As our biggest home-based airgun maker, Air Arms have generated a loyal following, but the strong fan-base has been well-earned. A history of listening to their customers, employing top designers, and incorporating ideas from top shots in the field, has paid dividends, and trophy cabinets up and down the country are testament to this winning formula.
When the FTP900 replaced the highly successful EV2 FT model, the company made a point of stressing that their new flagship was equally aimed at HFT. In reality, it’s a full-match grade machine, with proportions far more at home on a Field Target course. Transfer it to an HFT layout, and it can prove a little cumbersome; at 11lbs unscoped, the sheer mass is a consideration for many.
The point was made, and Air Arms’ response has been to develop and produce a separate model for Hunter Field Target. When that happens, you know the sport has arrived for sure. Ironically, I’m back with my FTP900, which I will be sticking with as it just feels right for me, but the arrival of the HFT500 means Air Arms now have a dedicated model for each discipline.
A fully adjustable stock, floating barrel and side-lever cocking action all looks great on paper, so let’s get up close and check out the rest of the mouth-watering features list!
If the HFT500’s profile looks vaguely familiar, that’ll be due to the fact that the stock is lifted from the Ultimate Sporter model. Minelli in Italy produce the stock, and with the multicoloured laminated wood treated to an attractive matt lacquer, the end result lends a high-quality feel overall.
The advantages of laminate as a medium, are well documented, with the ability to resist warping through temperature extremes, possibly topping the list. It is, of course, ultra dense, and this adds weight over many conventional timbers. That said, this model tips the scales at a whisker over 7.5lbs, which makes it highly manageable for most.
Several features are incorporated into the woodwork, to enable the competitor to fine-tune the set-up until eyescope alignment is achieved with minimal muscle strain.
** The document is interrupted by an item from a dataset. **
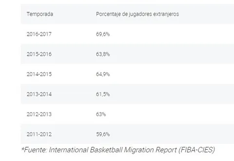 Otro dato que llama la atención es que en los mejores quintetos de la liga ACB de los últimos tres años solo hay tres jugadores españoles: Sergio Llull, el Chacho Rodríguez y Álex Mumbrú. Es decir, que no solo cada vez hay menos españoles, sino que los extranjeros que vienen son las estrellas de sus equipos. En la temporada 2017-2018, el mejor quinteto no incluye a ningún jugador español.

To this end, the cheekpiece is fully adjustable, and with the new ball joint at its heart, height, cant and angle can all be set exactly to suit. Carry out this operation in conjunction with the adjustable buttpad and an optimal shooting position should be possible. The butt section can take additional spacer plates too, so length of pull can be altered.
Under the forend, an accessory rail has been recessed where counterweights, a bipod, or a stock raising device can all be added.
Moving to the action, this model incorporates the FAC length cylinder, and with a greater volume of air comes an increased shot count. I’ve competed on and off with an Air Arms S400 with the same extended cylinder for some time, so I’m only too aware of how well-balanced this configuration can be.
Two key features really catch the eye with this model though for me. Firstly, the side-lever cocking action, taken from the S510 model, is here, but in a single-shot configuration. The grey breech block looks particularly attractive too, which all adds to the smart looks. That lever is just so sweet and delicately weighted in operation, and wins over a bolt every time for me. Secondly, this HFT500 has to be the first PCP from Air Arms sporting a truly floating barrel. I can only think that someone in the company’s board room kept vetoing the idea, shouting: “You don’t want to do it like that!” Only many of us DO want them to do it like that! No front brackets, no supports – just a sufficiently beefy barrel (Lothar Walther of course) to support its own weight, and an extended breech block to boost structural integrity.
So what’s all the fuss about? Well, with PCPs in the early days, some barrels were anchored at the breech and would bend as the cylinder pressure changed through the charge, causing zero shift. Brackets with soft o-ring supports (allowing for expansion) have become the norm, but for peace of mind, a free-floating set-up trumps all.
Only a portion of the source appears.